# Soap Gemstones



## ourwolfden (Nov 15, 2013)

Hello.  Has anyone ever made soap gemstones? I have found these:
http://www.wholesalesuppliesplus.com/RecipeDetail.aspx?RecipeID=39
http://www.soapqueen.com/bath-and-body-tutorials/melt-and-pour-soap/gorgeous-geode-soap-tutorial/

But part of me thinks it must be a lot more complicated.  Has anyone tried this?  Have pictures to show? Or helpful hints?  I would like to make something like this for my Papaw’s Christmas present (he was a rock hound back in the day).


----------



## lsg (Nov 15, 2013)

No, but I think the soap gem stones from this tutorial are more realistic.  I bought the mold, but haven't tried the gem stones yet.

[ame]http://www.youtube.com/watch?v=Kmq__YmV81Q[/ame]


----------



## Sea Beauty Soap (Nov 15, 2013)

Never made them but they look cool.


----------



## ourwolfden (Nov 15, 2013)

lsg- That is awesome!  I love those... I think I need to find those molds!


----------



## ourwolfden (Nov 15, 2013)

Okay lsg, can you point me in the right spot to look?  The company I thought that sold it doesn't have it, it is a smaller mold then this one.   Thanks.


----------



## lsg (Nov 16, 2013)

Here is the link she gave on YouTube:

http://www.scottcrewcandlesupply.co...&p_id=SO069&xm=on&ppinc=detail&hdr=mscottcrew


----------



## ourwolfden (Nov 16, 2013)

Thanks!  Don't know how I didn't see that!!!!!!!!!


----------



## adkaromatherapy (Nov 18, 2013)

I specialize in doing gem/ mineral inspired soaps.  Honestly it just takes a bit of practice, play and patience.  I prefer cutting mine by hand but there are lots of cool looking molds to be had as well.
I made a tutorial a couple years ago on a layered crystal soap you can find here:  http://adkaromatherapy.blogspot.com/2011/07/terra-crystal-tutorial.html

Best of luck in your endeavors!


----------



## ourwolfden (Nov 18, 2013)

adkaromatherapy said:


> I specialize in doing gem/ mineral inspired soaps.

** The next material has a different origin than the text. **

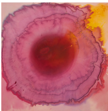
VIVIAN SPRINGFORD Untitled (Tanzania Series) [Sans titre (Séries Tanzanie)] , 1971 Acrylique sur toile, 176,5 × 173 × 3,5 cm Courtesy : Beth et Wyatt Crowell, la Vivian Springford Administration et Almine Rech © Vivian Springford Administration / Photographie : Matt Kroening
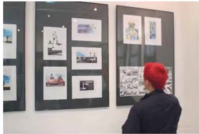
Wystawa 3xLegus, fotoreportaż Bolesław Słomkowski

Honestly it just takes a bit of practice, play and patience. I prefer cutting mine by hand but there are lots of cool looking molds to be had as well.
> I made a tutorial a couple years ago on a layered crystal soap you can find here: http://adkaromatherapy.blogspot.com/2011/07/terra-crystal-tutorial.html
> 
> Best of luck in your endeavors!


 

That is awesome, thank you so much!


----------



## paillo (Nov 19, 2013)

That is a fabulous tutorial, your sharing it is very much appreciated! And gorgeous soaps!


----------